A Blast from the Past…

Polly Anna Club Button

I bought myself a Polly Anna Club Badge to prove my membership.

Several years ago (approximately three posts in Gina’s Blog Time) I mentioned that I had reconnected with my paternal clan after a couple of decades without contact. It was kind of a strange feeling that. I’ve known and been connected to these folks my entire life and knew a little more than nothing about them.

Remember those reunion episodes that every talk show hosted about once a month through the 80s and 90s? Well, I watched those with special interest because my magical thinking brain kept telling me, “Someday you may have to break down and call Donahue/Jerry/Oprah to get your family back.

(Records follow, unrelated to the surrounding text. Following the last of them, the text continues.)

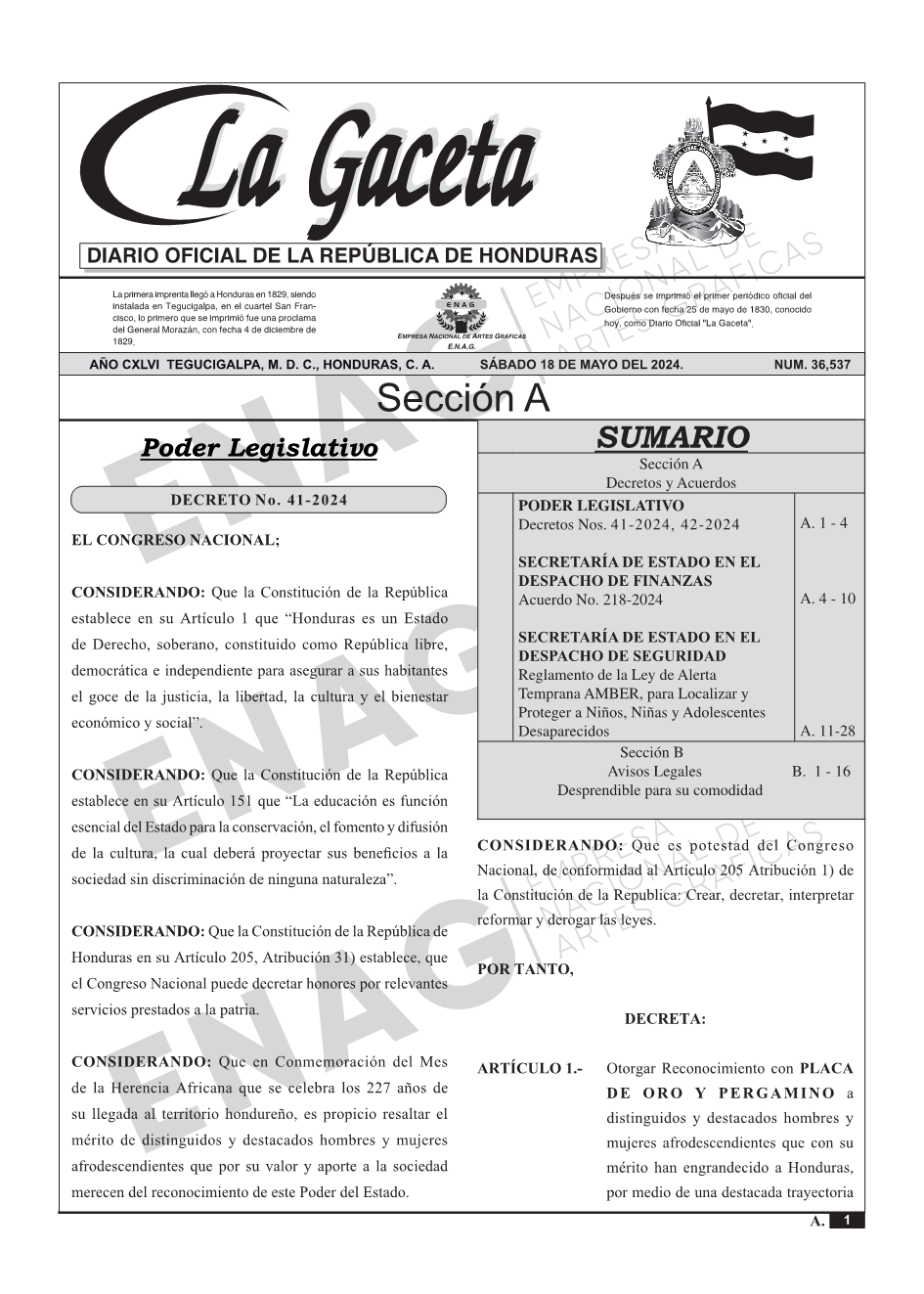 La Gaceta N° 36,537 del 18 de mayo de 2024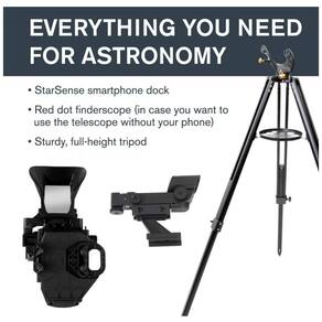 LIBERE O PODER DO SEU SMARTPHONE Deixe seu iPhone ou telefone Android levá lo em um passeio guiado pelo céu noturno não é necessária experiência em telescópio. Basta seguir as setas para localizar estrelas, planetas e muito mais TECNOLOGIA DE RECONHECIMENTO DO CÉU STARSENSE PATENTEADA Este telescópio exclusivo usa a tecnologia patenteada e premiada de reconhecimento do céu StarSense e seu smartphone para analisar os padrões das estrelas e calcular sua posição em tempo real. APLICATIVO STARSENSE EXPLORER O aplicativo gera uma lista dos melhores objetos para visualizar com base na sua hora e localização exatas. Veja planetas, nebulosas mais brilhantes, galáxias e aglomerados de estrelas da cidade MAIS objetos mais fracos e profundos do céu de locais mais escuros. FÁCIL DE CONFIGURAR E USAR A montagem manual de altazimute com haste de câmera lenta facilita seguir as setas na tela até o alvo desejado. Quando o alvo fica verde, está pronto para ser visto na ocular do telescópio. REFLETOR NEWTONIANO DE DE ALTA QUALIDADE O espelho primário de 4,5 apresenta revestimentos altamente reflexivos e capacidade de coleta de luz suficiente para visualizar crateras na Lua, Júpiter, Saturno, Marte e objetos do céu profundo como a Nebulosa de Orion Marca: Não Informado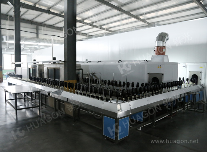 噴涂:上料-素材預(yù)熱-自動(dòng)靜電毛刷除塵-自動(dòng)噴涂1(底漆)-預(yù)熱- 自動(dòng)噴涂2(中涂)-預(yù)熱-自動(dòng)噴涂2(面涂)-靜置流平-烘烤固化-冷卻-下料 - 適用產(chǎn)品:

You need to know how this works.”

Well, I didn’t have to invite the entire planet to my family reunion, but that doesn’t mean that the magical thinking stopped there. What you typically saw on those shows was a tearful reunion with lots of hugging and crying and some sense that everyone would leave the set and be the Brady Bunch and live Happily Ever After. The End.

Um. I hate to break it to you, but it doesn’t seem to work that way. And, as much as I love to read, I haven’t found a manual that explains how it is supposed to work. What I have found is that regardless of your best intentions and your desire to find common ground, this whole rebuilding-a-family-from-scratch thing is hard work.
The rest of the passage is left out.